TASK TO CARRY OUT :: Word for word, restate the lines of the listing below from the line with "и нежность молока!!!" through the line with "This air-conditioned apartment", and do not include the pictures.

DATA ::

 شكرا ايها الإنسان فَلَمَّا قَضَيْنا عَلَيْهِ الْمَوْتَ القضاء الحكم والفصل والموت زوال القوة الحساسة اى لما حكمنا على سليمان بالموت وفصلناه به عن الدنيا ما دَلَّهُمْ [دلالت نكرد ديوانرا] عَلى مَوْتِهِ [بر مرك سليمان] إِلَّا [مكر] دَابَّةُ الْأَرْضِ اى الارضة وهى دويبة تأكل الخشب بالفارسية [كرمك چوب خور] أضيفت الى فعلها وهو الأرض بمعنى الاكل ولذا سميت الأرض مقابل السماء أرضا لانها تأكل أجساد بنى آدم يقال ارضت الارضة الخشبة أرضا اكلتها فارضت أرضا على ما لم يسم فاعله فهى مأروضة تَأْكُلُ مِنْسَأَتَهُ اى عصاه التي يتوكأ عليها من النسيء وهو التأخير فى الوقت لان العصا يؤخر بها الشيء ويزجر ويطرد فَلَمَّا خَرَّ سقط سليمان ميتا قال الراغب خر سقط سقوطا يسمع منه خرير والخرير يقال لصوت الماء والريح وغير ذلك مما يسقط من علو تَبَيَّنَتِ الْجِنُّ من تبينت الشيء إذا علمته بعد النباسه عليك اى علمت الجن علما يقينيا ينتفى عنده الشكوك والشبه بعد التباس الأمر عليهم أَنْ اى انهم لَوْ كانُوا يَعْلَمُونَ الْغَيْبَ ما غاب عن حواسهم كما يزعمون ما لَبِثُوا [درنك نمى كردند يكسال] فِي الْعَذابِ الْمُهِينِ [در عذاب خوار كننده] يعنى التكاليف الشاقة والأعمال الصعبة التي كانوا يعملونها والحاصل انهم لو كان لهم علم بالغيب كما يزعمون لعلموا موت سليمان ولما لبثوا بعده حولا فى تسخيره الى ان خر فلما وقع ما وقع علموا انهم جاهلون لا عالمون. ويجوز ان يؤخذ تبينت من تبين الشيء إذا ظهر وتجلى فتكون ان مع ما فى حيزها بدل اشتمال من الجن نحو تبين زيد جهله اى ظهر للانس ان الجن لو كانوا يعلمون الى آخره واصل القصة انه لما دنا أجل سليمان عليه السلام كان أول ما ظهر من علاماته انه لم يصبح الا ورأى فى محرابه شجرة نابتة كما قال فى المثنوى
---
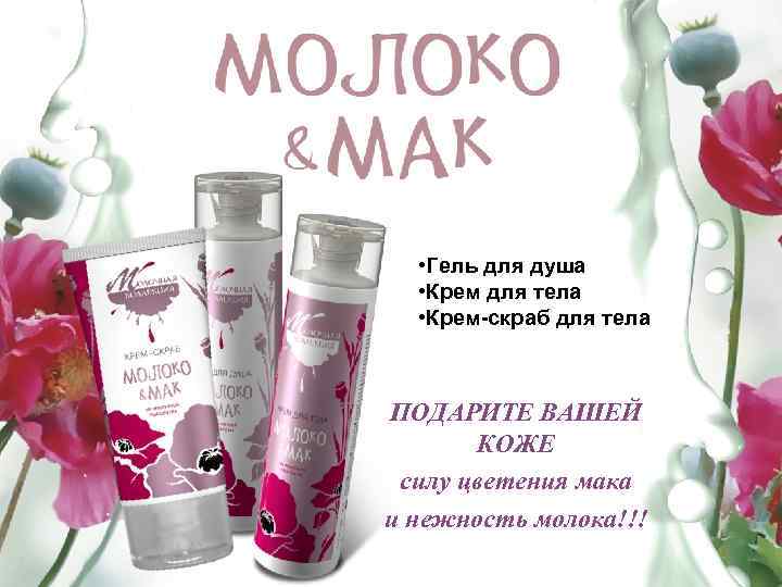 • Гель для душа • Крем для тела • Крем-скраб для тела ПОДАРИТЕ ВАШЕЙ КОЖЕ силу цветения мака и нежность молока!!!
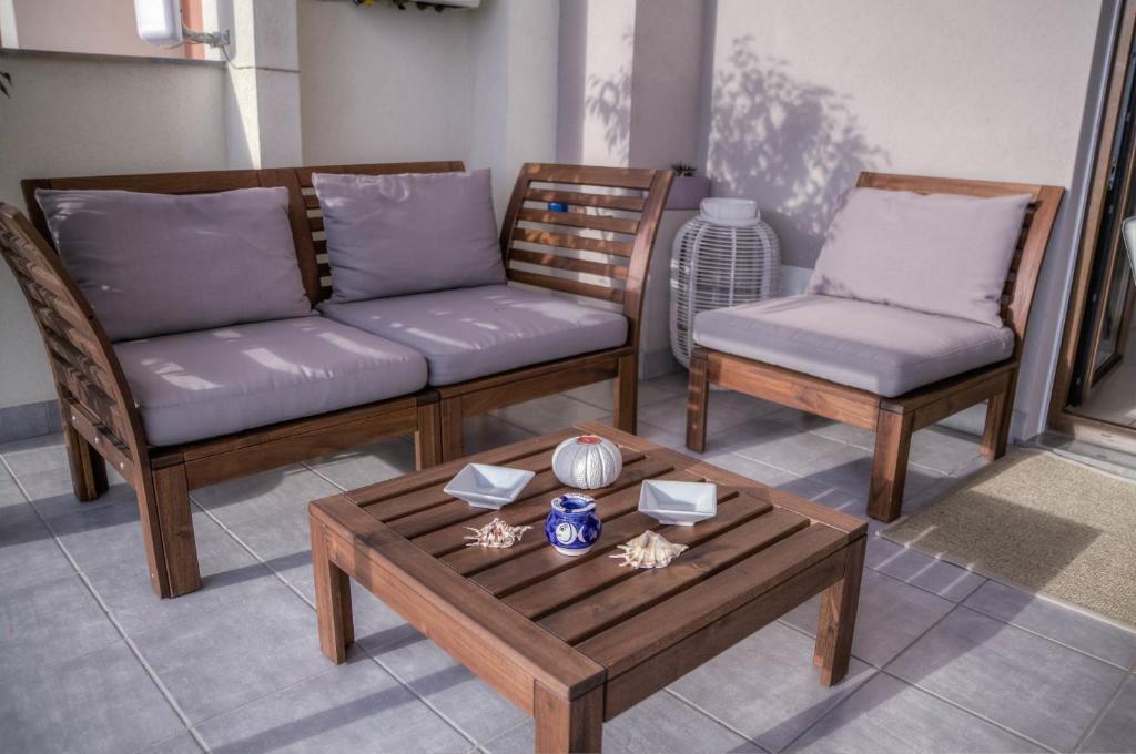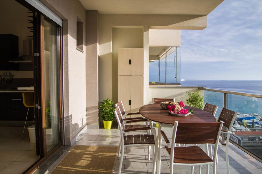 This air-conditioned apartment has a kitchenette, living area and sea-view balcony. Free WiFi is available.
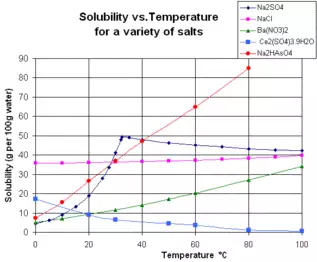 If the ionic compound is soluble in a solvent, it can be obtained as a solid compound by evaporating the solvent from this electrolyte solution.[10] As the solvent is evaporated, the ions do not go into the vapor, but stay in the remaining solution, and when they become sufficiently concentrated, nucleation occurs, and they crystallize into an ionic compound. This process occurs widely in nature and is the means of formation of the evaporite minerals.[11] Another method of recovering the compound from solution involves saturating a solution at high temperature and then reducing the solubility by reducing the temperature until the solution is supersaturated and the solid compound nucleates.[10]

WRITTEN SOLUTION ::
 • Гель для душа • Крем для тела • Крем-скраб для тела ПОДАРИТЕ ВАШЕЙ КОЖЕ силу цветения мака и нежность молока!!!
 This air-conditioned apartment has a kitchenette, living area and sea-view balcony. Free WiFi is available.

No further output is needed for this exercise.